■ **PROBLEM TO WORK ON**: Out of the lines below, please list those that hold the string "more".

-------- DATASET RECORDS --------

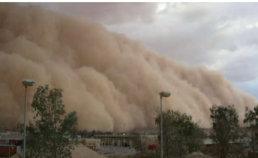
A dust storm envelops an Idaho community. Weather systems are fed by energy (heat) in the atmosphere. Extreme weather events are expected to become more common with climate change.

✳️ More frequent droughts in Yakima may cause more crop losses due to water shortages. While drought does not occur every year, the average losses may increase to $66 million for Yakima. (The Yakima River Basin produces crops worth about $1 billion annually.) Other agricultural areas statewide are likely to face similar effects.
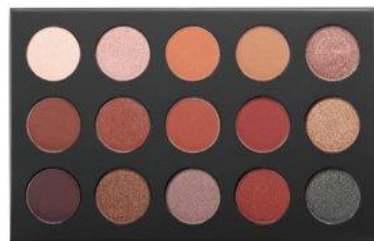
PL - 011
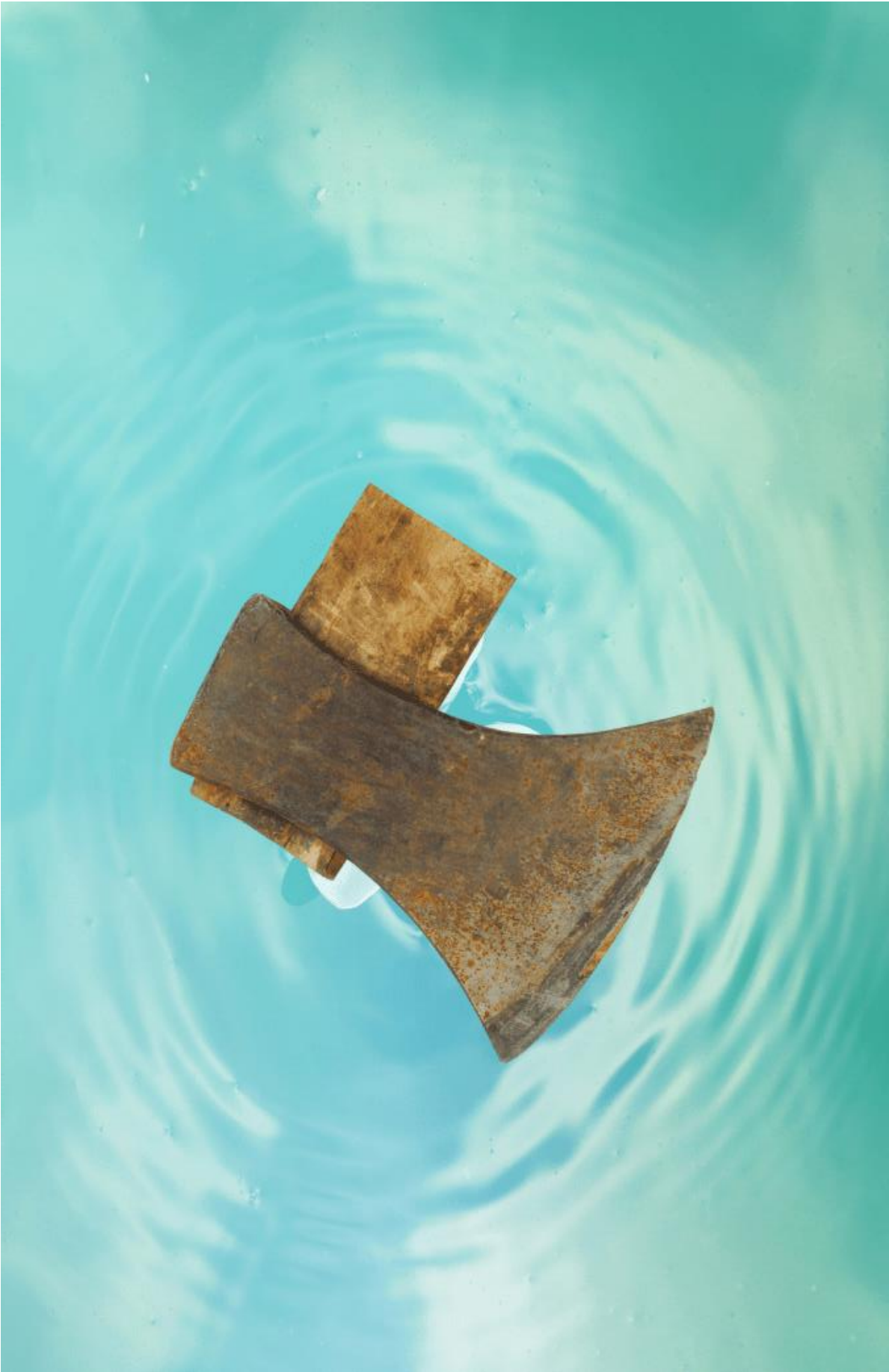
The Miracle of the Floating Axhead – The Next Step Community (findmynextstep.org)
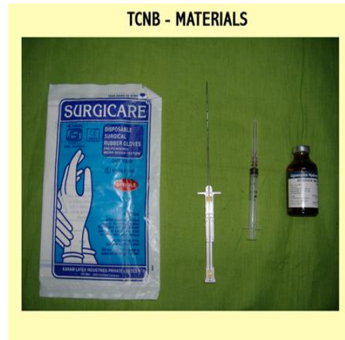
Fig.2 TCNB materials

--------

■ **EXERCISE ANSWER**:
A dust storm envelops an Idaho community. Weather systems are fed by energy (heat) in the atmosphere. Extreme weather events are expected to become more common with climate change.
✳️ More frequent droughts in Yakima may cause more crop losses due to water shortages. While drought does not occur every year, the average losses may increase to $66 million for Yakima. (The Yakima River Basin produces crops worth about $1 billion annually.) Other agricultural areas statewide are likely to face similar effects.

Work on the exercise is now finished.